Two months after Nick sent Cara the birthday card and Cara concluded that Nick was clueless, Nick got in touch through email. He began with, "I probably should not be doing this but what the hell...been playing on Google Earth and tried to bring up your house but without success."

He said he looked for "the circle around the tree" in Cara's front yard. He said he was "beginning to feel old and mortal." He complained about work. He had done an internet search to see what Cara had been up to. He said his search "suggests you are busy. " Then he asked if Cara had any news.

Cara wrote back a week later. She told him that his email had come just at a time when she was missing him especially and she wondered about psychic connection. She continued,

"We've had such wonderful times together that I said to myself this week I find it hard to believe that these times were not wonderful for you, too. I cherish my memories of us together and would like the barriers between us to dissolve. I can't see how that is possible, although there was a time when I would have done all I could to have seen that happen.

"I'm glad you think of me, and I hope you cherish the memories."

She told him a bit of news about friends who had had a commitment ceremony the week before. She said that the words the two women exchanged were words "I wish you and I could have said to each other: Loving what we know about each other and trusting what we do not know."

She continued, "My wish for you is that you say those words to someone who is worthy of them.

"You have a full life with Moira and her family. Unless things change drastically and you finally come clean, I see little hope that I would want even an email friendship with you. There is far too much unexplained cruelty from you to me for me to ignore. You did say once, 'I hurt you,' and you were contrite. I actually need much more explanation than that."

She said that she cannot see how even an email friendship is possible when there is so much that she wants Nick to explain.

Nick responded right away. He said, "Ok. I thought we could have had an email orrespondence but I read your words 'I cannot see how we can maintain a connection even via e-mail' and I respect them. We did have wonderful times and they keep coming back to me when I least expect them, and yes I also 'cherish' those memories."

He said "I cannot recall" the cruelty or it was about. He continued,

"Sometimes you cannot explain everything in this world. I hope that will always be the case. We need some 'unknowns' even when it's our own behavior. The world is healthier with some mystery in it, even self mystery."

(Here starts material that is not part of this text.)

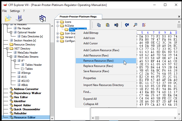 If we wanted to remove the bloat manually, we could easily do this at this point. We can load the file into something like CFF Explorer: open the Resource Editor, locate the Resource RCDATA resource and remove it. The image below shows how to remove the resource in CFF Explorer.

If Cara needed more reason to conclude a relationship between them was hopeless, she had it.

A few months later, U.S. Attorney General Alberto Gonzales testified under oath before a Senate committee that he "cannot recall" the events that led up to the firing of 8 U.S. federal attorneys.

"I don't remember" is a variation of "I cannot recall."

There must be a school for shits that expert recipients know nothing about. Where is that school? How do people learn to be shits? Does anyone know?